Building ngram index...
The quick brown
None

As opposed to building a random phrase out of the words.

与从单词中构建随机短语相反。

Here is my output when I do

这是我做的时候的输出

print text.generate()

Building ngram index...
The quick brown fox jumps over the lazy dog fox jumps over the lazy
dog dog The quick brown fox jumps over the lazy dog dog brown fox
jumps over the lazy dog over the lazy dog The quick brown fox jumps
over the lazy dog fox jumps over the lazy dog lazy dog The quick brown
fox jumps over the lazy dog the lazy dog The quick brown fox jumps
over the lazy dog jumps over the lazy dog over the lazy dog brown fox
jumps over the lazy dog quick brown fox jumps over the lazy dog The
None

Again starting out with the same text, but then varying it. I've also tried using the first chapter from Orwell's 1984. Again that alwaysstarts with the first 3 tokens (one of which is a space in this case) and thengoes on to randomly generate text.

再次从相同的文本开始,然后改变它。我还尝试使用 Orwell 1984 年的第一章。同样,它总是从前3 个标记开始(在这种情况下,其中一个是空格)然后继续随机生成文本。

What am I doing wrong here?

我在这里做错了什么?

回答by Lakshman Prasad

To generate random text, U need to use Markov Chains

要生成随机文本,您需要使用马尔可夫链

code to do that: from here

代码来做到这一点:从这里

import random

class Markov(object):

  def __init__(self, open_file):
    self.cache = {}
    self.open_file = open_file
    self.words = self.file_to_words()
    self.word_size = len(self.words)
    self.database()


  def file_to_words(self):
    self.open_file.seek(0)
    data = self.open_file.read()
    words = data.split()
    return words


  def triples(self):
    """ Generates triples from the given data string. So if our string were
    "What a lovely day", we'd generate (What, a, lovely) and then
    (a, lovely, day).
    """

    if len(self.words) < 3:
      return

    for i in range(len(self.words) - 2):
      yield (self.words[i], self.words[i+1], self.words[i+2])

  def database(self):
    for w1, w2, w3 in self.triples():
      key = (w1, w2)
      if key in self.cache:
    self.cache[key].append(w3)
      else:
    self.cache[key] = [w3]

  def generate_markov_text(self, size=25):
    seed = random.randint(0, self.word_size-3)
    seed_word, next_word = self.words[seed], self.words[seed+1]
    w1, w2 = seed_word, next_word
    gen_words = []
    for i in xrange(size):
      gen_words.append(w1)
      w1, w2 = w2, random.choice(self.cache[(w1, w2)])
    gen_words.append(w2)
    return ' '.join(gen_words)

Explaination: Generating pseudo random text with Markov chains using Python

解释:使用 Python 生成带有马尔可夫链的伪随机文本

回答by drxzcl

You should be "training" the Markov model with multiple sequences, so that you accurately sample the starting state probabilities as well (called "pi" in Markov-speak). If you use a single sequence then you will always start in the same state.
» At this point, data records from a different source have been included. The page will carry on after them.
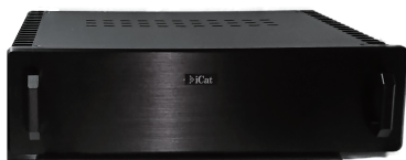
Black Model 筐体
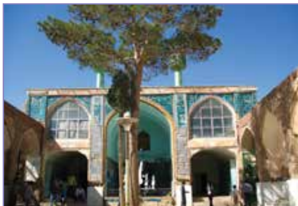
شکل ۱۸- آرامگاه امامزاده بی بی حیات (س) در نزدیکی خنمان
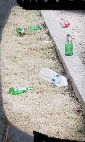
Rue de la Pinède
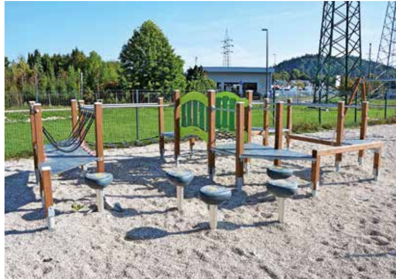
Med že izvedenimi projekti participativnega proračuna v novem ciklu je tudi dopolnitev igral na otroškem igrišču pri Športni dvorani Medvode.

hiša, naša mladost (Sv. Marjeta), Ureditev okolice pri taboriški hiški Rodu dveh rek Medvode, Povečanje varnosti udeležencev v prometu (Seničica–Golo Brdo), Dopolnitev igral na otroškem igrišču Sniček (KS Senica) in Rekonstrukcija poškodovane asfaltne prevleke (Tehovec). V letu 2024 so načrtovani
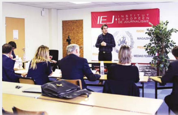
Détection de Talents organisée pour les M1 Presse écrite / Internet en présence de recruteurs de grandes rédactions
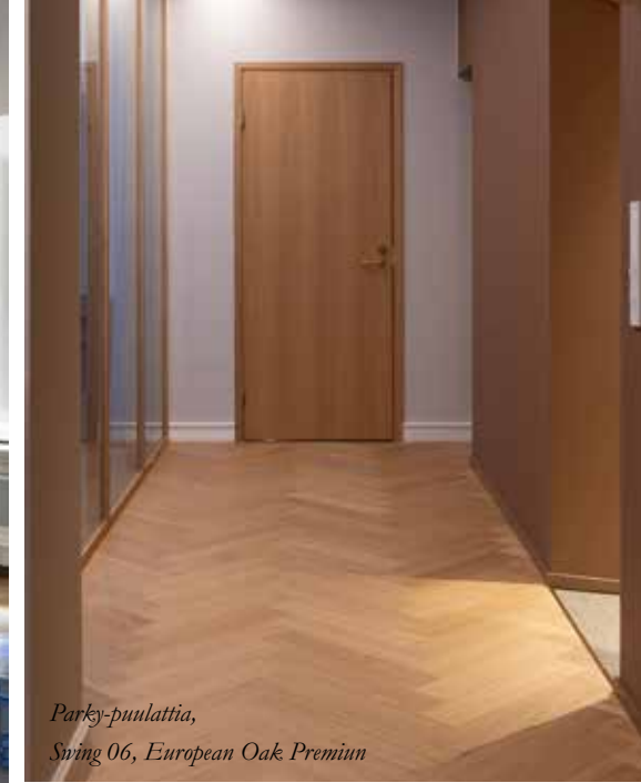
OpenOcean toimisto Suunnittelu: Mint & More Creative
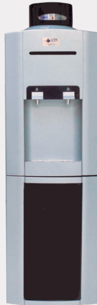
Dispensador de agua con sistema de autollenado VTR 007A

Dispensador de agua fría y caliente de acción automática para beber con sistema de auto llenado. Creado para mejorar la calidad de vida de sus usuarios, previniendo enfermedades por contacto físico ( Covid 19), evitando la contaminación del agua o recipientes por manipulación Color: plata y negro. Conexión: 110 voltios y a fuente de alimentación de agua. Filtro de carbón activado y celulosa incluido.
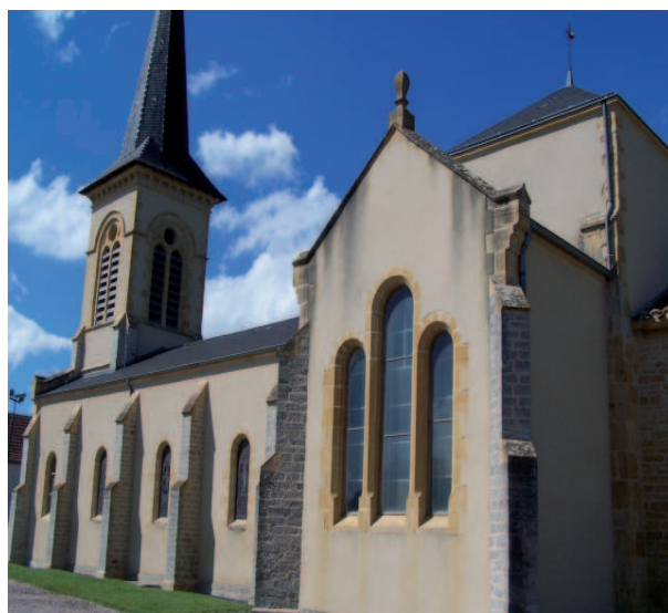
III. n° 3 – Église d'Avrilly. Nef et transept vus du sud

la nef et un état III, celui de la seconde reconstruction de 1883-1885. L'état II ne nous est connu que par les écrits de Moreau, qui indique que la nef actuelle a les mêmes dimensions que celle de l'état II, qui ne fut donc pas détruite parce que trop petite, mais parce qu'elle présentait d'importants défauts de conception : manque d'ouvertures, important dévers des murs, plafond délabré. Nous ne connaissons pas la date de sa construction mais nous savons que l'église avait été très endommagée durant la Révolution. Des archives du début du XIX e s. signalent qu'elle est « entièrement détruite par le fait révolutionnaire », « déparée, déplafonnée, réduite à servir d'écurie » 7 . Un document de 1810 indique qu'après avoir racheté l'édifice, les habitants l'ont « réparé, replafonné,
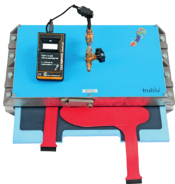
strumento di calibrazione trublü®

Grazie all'impiego del dispositivo di calibrazione trublü®, tutti i sensori del sistema pedar® vengono calibrati singolarmente utilizzando una pressione ad aria nota. Questa procedura è computerizzata e può essere eseguita in breve tempo.
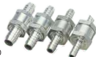
NEPOVRATNI VENTIL GORIVA (ALUMINIJUMSKI)
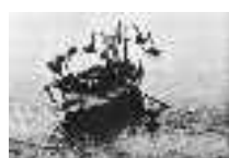
El "chinchorrero" se embarca mientras sus pantalones se secan. Adra. Hacia 1960 Página: 12

您应该使用多个序列“训练”马尔可夫模型,以便您也准确地对起始状态概率进行采样(在马尔可夫语中称为“pi”)。如果您使用单个序列,那么您将始终以相同的状态开始。

In the case of Orwell's 1984 you would want to use sentence tokenization first (NLTK is very good at it), then word tokenization (yielding a list of lists of tokens, not just a single list of tokens) and then feed each sentence separately to the Markov model. This will allow it to properly model sequence starts, instead of being stuck on a single way to start every sequence.
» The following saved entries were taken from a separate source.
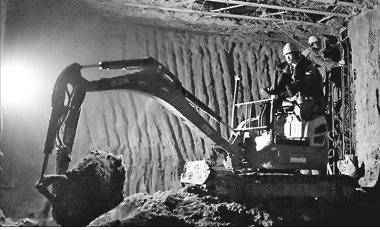
由中国水电四局承建的哈尔滨市地铁2号线省政府站自2月20日复工以来,施工进展顺利。据了解,省政府站至衡山路站区间左线盾构已贯通,施工人員正在进行站台层土方施工。

亩的任务。此外,将结合黑土地保护、发展绿色有机农产品生产,组织种植大户、农民专业合作社等经营主体利用秸秆制造有机肥,持续加大对工厂化造肥企业支持力度,不断扩大企业规模和数量。力争今年全市秸秆肥料化利用达到810万吨以上;在能源化利用方面,哈市将通过秸秆压块燃料化利用和秸秆发电、秸秆沼气等项目不断加快能源化利用进程。在省确定的秸秆综合利用试点县(市、区)基础上,增加投入,逐步扩大秸秆压块燃料化利用试点范围,带动推广生物质节能炉具。
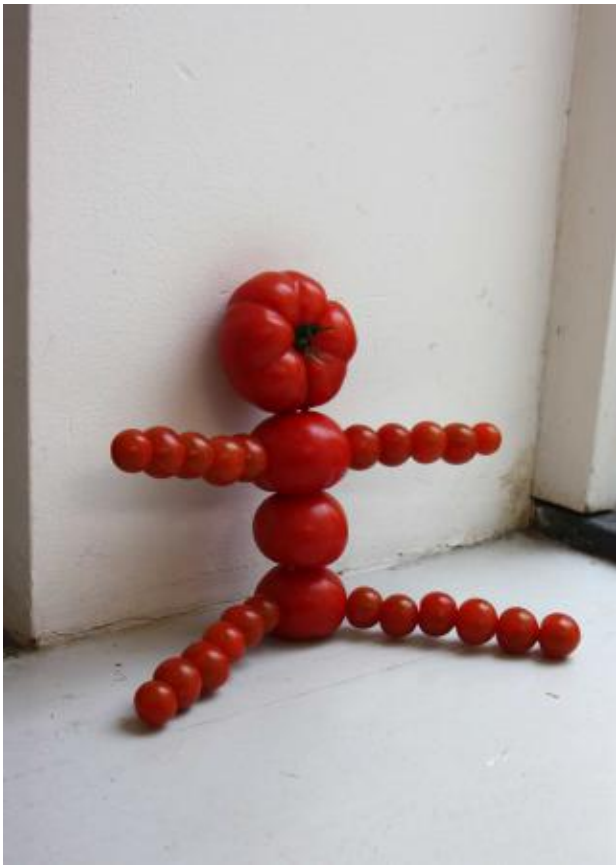
Oh Henry!, 2021 verschillende tomaten en sateprikkers, 40x40x30 cm
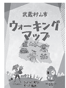
ウォーキングマップ

皆さんが、心も体も健康に過ごすためにはどのようなことが必要なのかを考えながら、健康教室や検診などを実施しています。中でも、ウォーキング教室は四季折々の植物を見ながら歩き、知らない道を発見できる魅力的な教室の1つです。参加対象は20歳以上の方ですが、実際に歩くコースが載っているウォーキングマップは図書館や地区会館などに置いてあるのでぜひ手に取って、休日などに歩いてみてください。
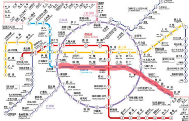
名古屋市營地下鐵路線圖 Nagoya Subway Network

如果從上前津「一條直線」畫到赤池的話，一個月與三個月的大學生票價分別是6090與17360
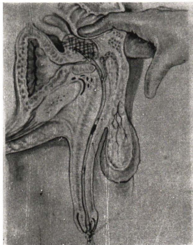
Fig. 489.—Fluid being expressed from the vesiculae and the prostate gland
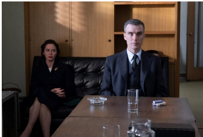
Figura 21- Kitty e Robert Oppenheimer nas sessões de interrogatório
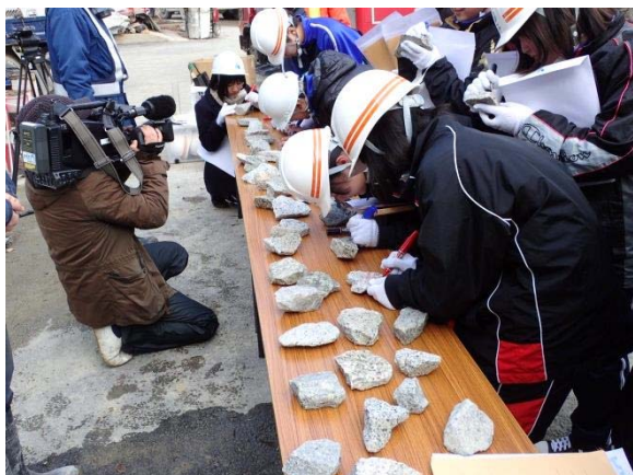
▲記念石作成の様子
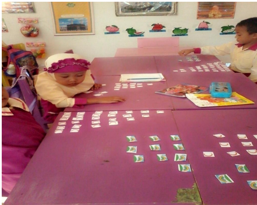
Gambar 6. Anak-anak menyusun gambar dari angka kecil-besar
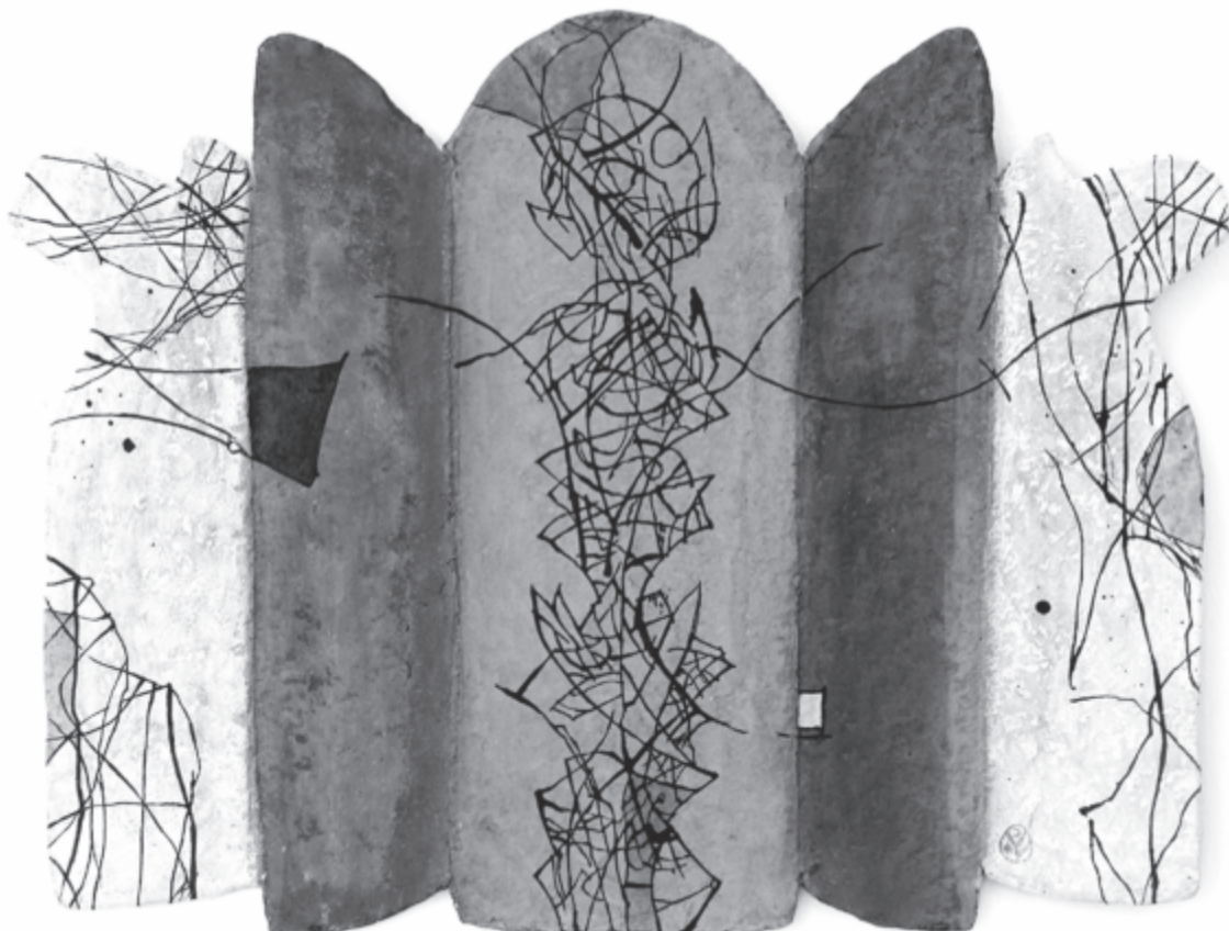
Mellékletünket Vincze László alkotásaival illusztráltuk
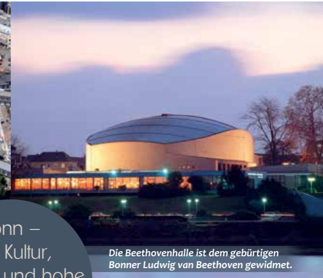
Die Beethovenhalle ist dem gebürtigen Bonner Ludwig van Beethoven gewidmet.

在 Orwell 的 1984 年的情况下,您可能希望首先使用句子标记化(NLTK 非常擅长),然后是单词标记化(产生标记列表列表,而不仅仅是单个标记列表),然后将每个句子分别提供给马尔可夫模型。这将允许它正确地模拟序列的开始,而不是卡在单一的方式来开始每个序列。

回答by Mastermind

Your sample corpus is most likely to be too small. I don't know how exactly nltk builds its trigram model but it is common practice that beginning and end of sentences are handled somehow. Since there is only one beginning of sentence in your corpus this might be the reason why every sentence has the same beginning.
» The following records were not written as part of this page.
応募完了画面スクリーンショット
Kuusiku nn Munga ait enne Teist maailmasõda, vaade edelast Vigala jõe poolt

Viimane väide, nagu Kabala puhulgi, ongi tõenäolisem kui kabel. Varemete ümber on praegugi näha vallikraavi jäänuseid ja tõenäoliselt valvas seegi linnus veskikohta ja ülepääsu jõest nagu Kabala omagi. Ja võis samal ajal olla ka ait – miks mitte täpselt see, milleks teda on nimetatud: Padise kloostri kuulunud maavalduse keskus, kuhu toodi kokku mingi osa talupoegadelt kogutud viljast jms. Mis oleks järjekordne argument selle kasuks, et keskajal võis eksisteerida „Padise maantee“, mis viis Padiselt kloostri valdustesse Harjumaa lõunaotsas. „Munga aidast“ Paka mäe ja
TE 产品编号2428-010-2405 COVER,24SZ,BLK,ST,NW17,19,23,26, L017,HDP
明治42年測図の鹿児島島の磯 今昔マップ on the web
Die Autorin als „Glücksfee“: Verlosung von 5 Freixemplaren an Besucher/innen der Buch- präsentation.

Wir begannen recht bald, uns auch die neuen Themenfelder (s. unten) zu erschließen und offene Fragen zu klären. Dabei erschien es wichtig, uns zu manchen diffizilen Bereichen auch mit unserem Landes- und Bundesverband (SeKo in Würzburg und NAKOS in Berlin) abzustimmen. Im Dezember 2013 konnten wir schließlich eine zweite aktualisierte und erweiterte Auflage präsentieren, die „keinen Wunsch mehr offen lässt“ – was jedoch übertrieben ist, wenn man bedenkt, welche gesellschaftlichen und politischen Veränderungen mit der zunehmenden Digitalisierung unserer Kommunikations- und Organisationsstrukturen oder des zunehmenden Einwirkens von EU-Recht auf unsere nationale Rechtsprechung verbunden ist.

您的样本语料库很可能太小了。我不知道 nltk 究竟是如何构建其三元模型的,但通常的做法是以某种方式处理句子的开头和结尾。由于您的语料库中只有一个句子的开头,这可能是每个句子都有相同开头的原因。

回答by Geo

Maybe you can sort the tokens array randomly before generating a sentence.

也许您可以在生成句子之前随机对令牌数组进行排序。

回答by Mark Rushakoff

Are you sure that using word_tokenizeis the right approach?

您确定使用word_tokenize是正确的方法吗?

This Google groups pagehas the example:

此 Google 群组页面包含示例:

>>> import nltk
>>> text = nltk.Text(nltk.corpus.brown.words()) # Get text from brown
>>> text.generate() 

But I've never used nltk, so I can't say whether that works the way you want.

但是我从来没有使用过 nltk,所以我不能说它是否按你想要的方式工作。